**EXERCISE:**
Transcribe all the entries word for word, omitting any pictures they contain.

**SUPPLIED RECORDS:**
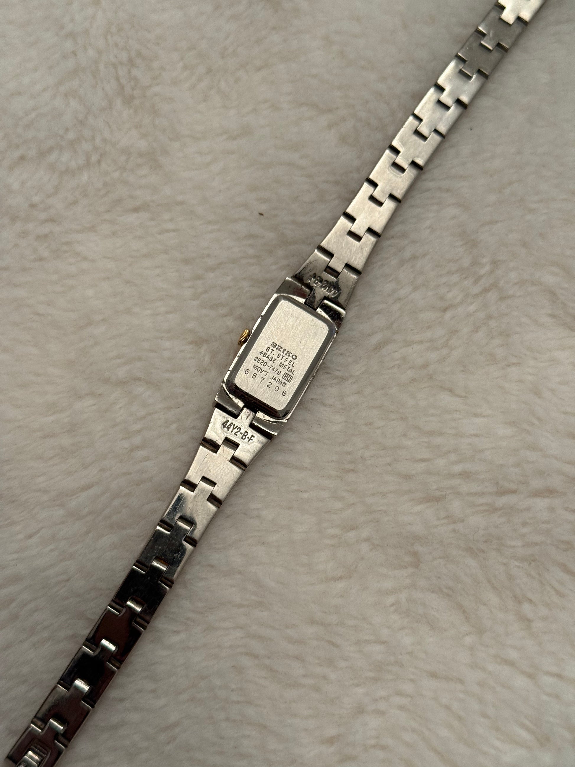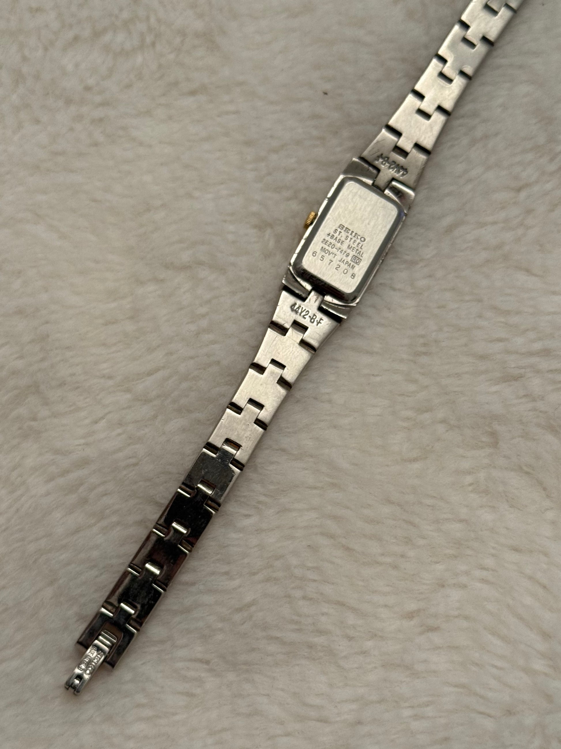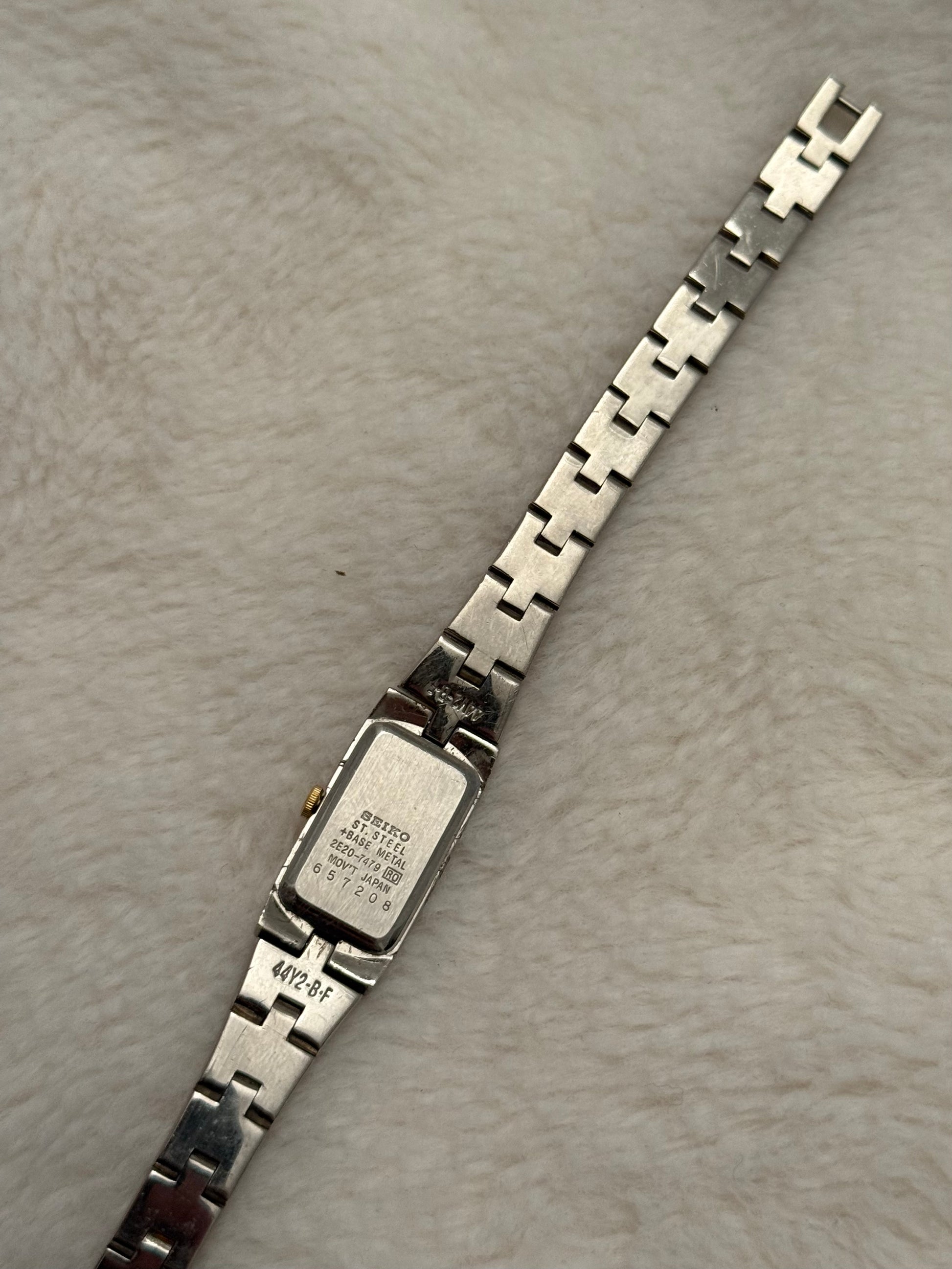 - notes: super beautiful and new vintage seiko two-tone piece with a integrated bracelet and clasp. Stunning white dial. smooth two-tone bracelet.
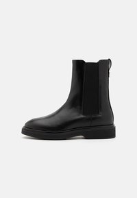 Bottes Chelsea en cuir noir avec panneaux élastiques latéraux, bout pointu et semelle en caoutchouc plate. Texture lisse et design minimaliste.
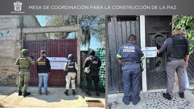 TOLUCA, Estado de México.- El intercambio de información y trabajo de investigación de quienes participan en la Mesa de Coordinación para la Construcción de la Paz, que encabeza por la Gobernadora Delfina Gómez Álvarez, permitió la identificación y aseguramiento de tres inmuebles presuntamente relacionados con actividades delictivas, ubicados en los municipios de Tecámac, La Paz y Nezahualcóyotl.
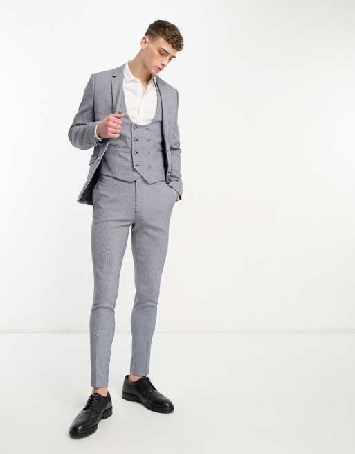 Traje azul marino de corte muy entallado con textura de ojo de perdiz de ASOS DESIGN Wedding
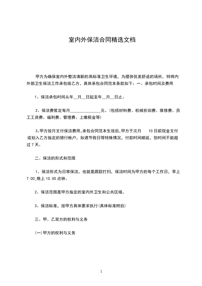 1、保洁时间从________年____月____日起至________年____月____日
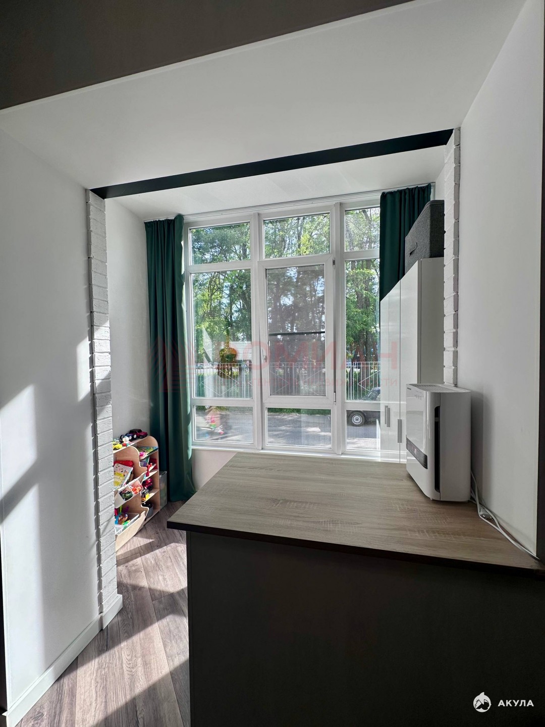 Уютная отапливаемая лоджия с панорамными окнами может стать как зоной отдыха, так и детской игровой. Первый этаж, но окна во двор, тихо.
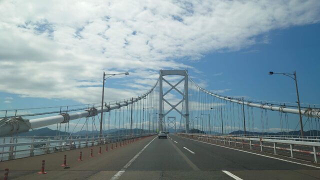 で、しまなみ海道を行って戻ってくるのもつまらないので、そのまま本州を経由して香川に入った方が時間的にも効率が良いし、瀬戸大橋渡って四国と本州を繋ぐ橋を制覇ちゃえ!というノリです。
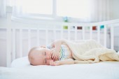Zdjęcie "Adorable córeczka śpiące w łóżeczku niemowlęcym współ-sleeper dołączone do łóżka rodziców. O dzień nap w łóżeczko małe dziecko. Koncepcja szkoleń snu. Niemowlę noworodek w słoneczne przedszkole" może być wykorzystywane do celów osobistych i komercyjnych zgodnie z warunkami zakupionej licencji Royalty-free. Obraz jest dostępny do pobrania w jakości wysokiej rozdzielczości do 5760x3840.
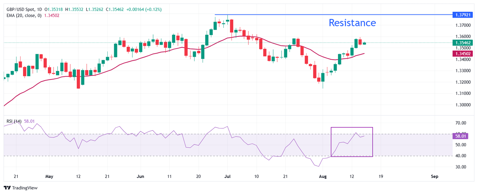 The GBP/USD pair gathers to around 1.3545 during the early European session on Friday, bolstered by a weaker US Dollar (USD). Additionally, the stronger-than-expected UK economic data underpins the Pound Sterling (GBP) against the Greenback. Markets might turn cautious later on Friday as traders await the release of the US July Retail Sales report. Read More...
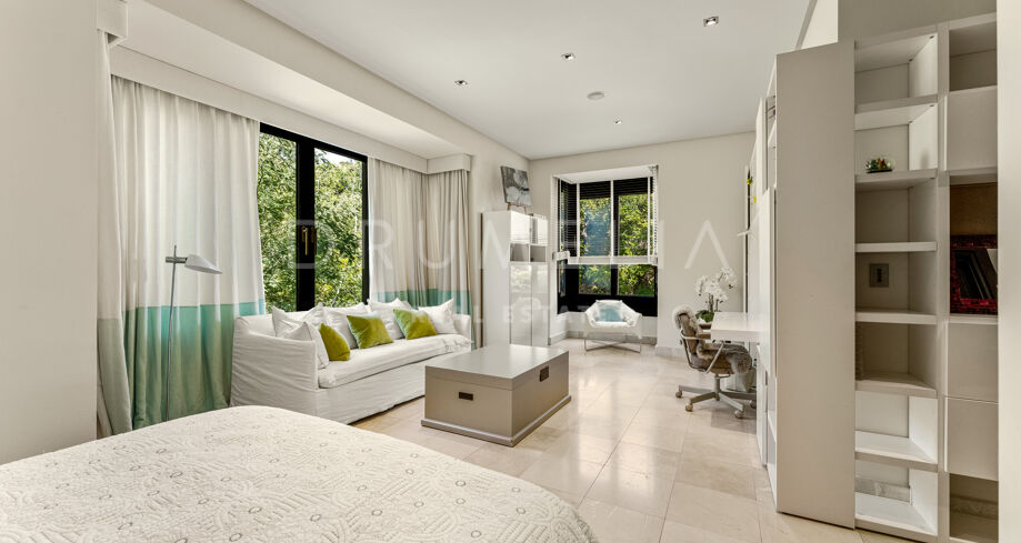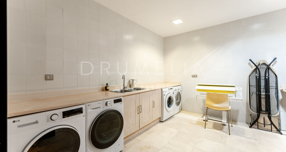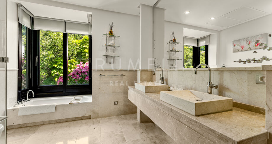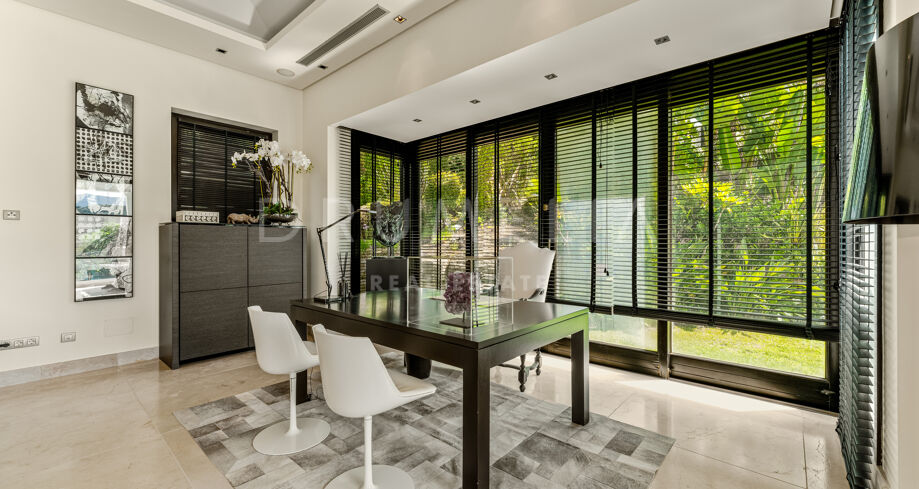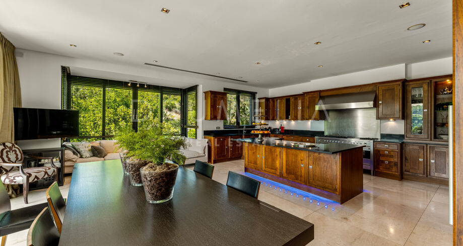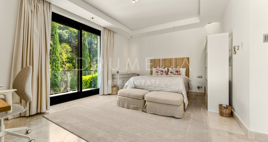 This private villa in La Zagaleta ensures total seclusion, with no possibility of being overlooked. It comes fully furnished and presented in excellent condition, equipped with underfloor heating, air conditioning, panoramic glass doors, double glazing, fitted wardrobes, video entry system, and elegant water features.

**ANSWER TO THE EXERCISE:**
 - notes: super beautiful and new vintage seiko two-tone piece with a integrated bracelet and clasp. Stunning white dial. smooth two-tone bracelet.
 Bottes Chelsea en cuir noir avec panneaux élastiques latéraux, bout pointu et semelle en caoutchouc plate. Texture lisse et design minimaliste.
 TOLUCA, Estado de México.- El intercambio de información y trabajo de investigación de quienes participan en la Mesa de Coordinación para la Construcción de la Paz, que encabeza por la Gobernadora Delfina Gómez Álvarez, permitió la identificación y aseguramiento de tres inmuebles presuntamente relacionados con actividades delictivas, ubicados en los municipios de Tecámac, La Paz y Nezahualcóyotl.
 Traje azul marino de corte muy entallado con textura de ojo de perdiz de ASOS DESIGN Wedding
 1、保洁时间从________年____月____日起至________年____月____日
 Уютная отапливаемая лоджия с панорамными окнами может стать как зоной отдыха, так и детской игровой. Первый этаж, но окна во двор, тихо.
 で、しまなみ海道を行って戻ってくるのもつまらないので、そのまま本州を経由して香川に入った方が時間的にも効率が良いし、瀬戸大橋渡って四国と本州を繋ぐ橋を制覇ちゃえ!というノリです。
Zdjęcie "Adorable córeczka śpiące w łóżeczku niemowlęcym współ-sleeper dołączone do łóżka rodziców. O dzień nap w łóżeczko małe dziecko. Koncepcja szkoleń snu. Niemowlę noworodek w słoneczne przedszkole" może być wykorzystywane do celów osobistych i komercyjnych zgodnie z warunkami zakupionej licencji Royalty-free. Obraz jest dostępny do pobrania w jakości wysokiej rozdzielczości do 5760x3840.
 The GBP/USD pair gathers to around 1.3545 during the early European session on Friday, bolstered by a weaker US Dollar (USD). Additionally, the stronger-than-expected UK economic data underpins the Pound Sterling (GBP) against the Greenback. Markets might turn cautious later on Friday as traders await the release of the US July Retail Sales report. Read More...
 This private villa in La Zagaleta ensures total seclusion, with no possibility of being overlooked. It comes fully furnished and presented in excellent condition, equipped with underfloor heating, air conditioning, panoramic glass doors, double glazing, fitted wardrobes, video entry system, and elegant water features.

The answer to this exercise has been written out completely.